Further, the step (5) performs post-processing on the result extracted through the model, mainly combines speckle noise and non-target ground objects (other ground objects, rice and other vegetation) in the result, and the post-processing mainly comprises filtering, filtering (Sieve) and clustering (column) processing to remove small patches and combine the small patches and the type, so as to obtain grid result data with a regular shape.
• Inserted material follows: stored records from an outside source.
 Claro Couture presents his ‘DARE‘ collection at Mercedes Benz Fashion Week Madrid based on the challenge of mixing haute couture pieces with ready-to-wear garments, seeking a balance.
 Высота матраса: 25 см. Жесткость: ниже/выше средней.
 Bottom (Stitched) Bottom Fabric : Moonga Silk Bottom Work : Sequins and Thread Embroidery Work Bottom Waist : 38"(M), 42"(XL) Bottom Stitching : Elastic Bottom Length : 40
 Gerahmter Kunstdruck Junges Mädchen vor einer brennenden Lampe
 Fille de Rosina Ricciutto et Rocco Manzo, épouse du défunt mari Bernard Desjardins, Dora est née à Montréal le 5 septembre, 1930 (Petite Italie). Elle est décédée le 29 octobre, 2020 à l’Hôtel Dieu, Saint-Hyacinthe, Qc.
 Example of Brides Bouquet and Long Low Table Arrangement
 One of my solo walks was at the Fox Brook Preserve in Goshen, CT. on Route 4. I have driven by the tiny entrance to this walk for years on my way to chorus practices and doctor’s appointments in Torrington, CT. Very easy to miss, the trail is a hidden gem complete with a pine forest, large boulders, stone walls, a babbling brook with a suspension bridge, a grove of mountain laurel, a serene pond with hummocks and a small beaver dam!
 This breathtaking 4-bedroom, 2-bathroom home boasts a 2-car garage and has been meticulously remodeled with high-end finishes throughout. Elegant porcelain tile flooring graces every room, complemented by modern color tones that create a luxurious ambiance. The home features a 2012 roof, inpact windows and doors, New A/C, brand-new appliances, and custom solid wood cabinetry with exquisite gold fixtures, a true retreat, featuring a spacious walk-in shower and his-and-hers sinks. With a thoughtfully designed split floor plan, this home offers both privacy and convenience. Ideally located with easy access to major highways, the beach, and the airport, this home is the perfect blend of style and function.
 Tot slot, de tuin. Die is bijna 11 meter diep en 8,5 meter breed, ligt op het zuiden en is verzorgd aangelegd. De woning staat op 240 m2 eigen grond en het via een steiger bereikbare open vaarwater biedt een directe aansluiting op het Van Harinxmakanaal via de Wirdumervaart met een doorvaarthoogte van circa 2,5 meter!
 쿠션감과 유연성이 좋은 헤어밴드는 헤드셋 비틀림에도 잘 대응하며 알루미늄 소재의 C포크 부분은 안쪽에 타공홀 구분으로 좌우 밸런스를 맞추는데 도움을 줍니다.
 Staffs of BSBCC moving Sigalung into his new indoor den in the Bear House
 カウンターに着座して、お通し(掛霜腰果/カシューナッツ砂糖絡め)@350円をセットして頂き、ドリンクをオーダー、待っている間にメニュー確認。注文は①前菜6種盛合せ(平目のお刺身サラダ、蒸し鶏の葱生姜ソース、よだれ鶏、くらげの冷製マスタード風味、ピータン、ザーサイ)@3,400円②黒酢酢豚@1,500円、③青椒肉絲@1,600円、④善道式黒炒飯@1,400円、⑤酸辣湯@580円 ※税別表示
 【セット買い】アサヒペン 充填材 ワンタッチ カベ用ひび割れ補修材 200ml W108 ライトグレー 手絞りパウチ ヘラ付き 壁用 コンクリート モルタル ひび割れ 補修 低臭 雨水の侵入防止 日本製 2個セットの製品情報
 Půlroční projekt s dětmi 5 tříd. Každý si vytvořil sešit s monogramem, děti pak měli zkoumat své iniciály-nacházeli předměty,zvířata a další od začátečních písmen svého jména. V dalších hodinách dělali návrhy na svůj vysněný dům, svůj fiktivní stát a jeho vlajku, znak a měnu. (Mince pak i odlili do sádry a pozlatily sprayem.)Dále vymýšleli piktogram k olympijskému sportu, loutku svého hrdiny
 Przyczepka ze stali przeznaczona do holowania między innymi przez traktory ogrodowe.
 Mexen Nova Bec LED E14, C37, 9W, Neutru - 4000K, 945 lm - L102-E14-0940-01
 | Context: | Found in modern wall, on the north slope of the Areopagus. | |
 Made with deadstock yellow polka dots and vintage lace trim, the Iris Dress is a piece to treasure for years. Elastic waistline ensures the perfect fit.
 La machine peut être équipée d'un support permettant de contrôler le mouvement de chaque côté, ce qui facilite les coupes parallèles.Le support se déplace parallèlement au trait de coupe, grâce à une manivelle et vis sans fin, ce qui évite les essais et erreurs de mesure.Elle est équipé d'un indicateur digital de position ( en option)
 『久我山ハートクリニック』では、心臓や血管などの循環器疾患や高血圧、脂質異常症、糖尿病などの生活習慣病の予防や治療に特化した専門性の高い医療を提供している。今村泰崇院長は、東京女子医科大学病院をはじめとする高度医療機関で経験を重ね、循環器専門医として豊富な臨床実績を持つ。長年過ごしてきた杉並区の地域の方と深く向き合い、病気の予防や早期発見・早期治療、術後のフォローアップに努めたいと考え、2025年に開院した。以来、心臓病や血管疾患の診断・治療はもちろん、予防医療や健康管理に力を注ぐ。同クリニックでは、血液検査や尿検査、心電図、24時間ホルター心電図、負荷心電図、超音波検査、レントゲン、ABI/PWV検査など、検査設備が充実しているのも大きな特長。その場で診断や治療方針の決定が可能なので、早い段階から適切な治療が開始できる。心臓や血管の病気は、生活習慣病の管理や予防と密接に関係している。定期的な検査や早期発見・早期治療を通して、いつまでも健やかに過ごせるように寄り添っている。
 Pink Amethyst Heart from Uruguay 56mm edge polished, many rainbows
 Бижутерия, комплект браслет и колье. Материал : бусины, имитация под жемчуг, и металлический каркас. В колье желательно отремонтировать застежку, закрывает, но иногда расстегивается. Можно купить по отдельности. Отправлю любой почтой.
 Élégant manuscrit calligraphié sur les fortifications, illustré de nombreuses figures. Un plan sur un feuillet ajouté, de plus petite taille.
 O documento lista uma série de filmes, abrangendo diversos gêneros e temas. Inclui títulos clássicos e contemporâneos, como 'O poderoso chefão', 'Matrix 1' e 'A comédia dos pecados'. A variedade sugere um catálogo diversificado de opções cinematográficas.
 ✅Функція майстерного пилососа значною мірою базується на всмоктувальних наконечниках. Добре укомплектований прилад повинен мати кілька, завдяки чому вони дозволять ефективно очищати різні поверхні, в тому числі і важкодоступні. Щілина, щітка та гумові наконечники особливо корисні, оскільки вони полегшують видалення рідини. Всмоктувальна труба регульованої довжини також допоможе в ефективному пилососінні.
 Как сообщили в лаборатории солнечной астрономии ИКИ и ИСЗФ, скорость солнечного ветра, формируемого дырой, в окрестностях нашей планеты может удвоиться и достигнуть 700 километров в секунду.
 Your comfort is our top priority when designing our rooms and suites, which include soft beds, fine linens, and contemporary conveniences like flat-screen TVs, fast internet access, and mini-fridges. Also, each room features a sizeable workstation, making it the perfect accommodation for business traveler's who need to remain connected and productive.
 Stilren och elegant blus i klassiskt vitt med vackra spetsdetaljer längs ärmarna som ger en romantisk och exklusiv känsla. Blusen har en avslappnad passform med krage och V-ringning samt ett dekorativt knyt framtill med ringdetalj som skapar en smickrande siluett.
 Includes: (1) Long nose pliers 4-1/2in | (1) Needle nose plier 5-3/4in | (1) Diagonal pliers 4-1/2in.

Further, the precision verification and model parameter adjustment in the step (6) includes randomly generating sample points in a research area, setting the number of the sample points according to the area range and the size, visually interpreting and determining the sample category attribute according to the high-score and medium-resolution images to serve as a verification sample, comparing the remote sensing extraction result with the verification sample, calculating a confusion matrix, obtaining the classification precision, meeting the requirement if the overall classification precision reaches 90% or more, entering the step (4) to readjust the model parameter threshold if the overall classification precision is lower than 90%, and repeating the steps (4) and (5) until the requirement is met.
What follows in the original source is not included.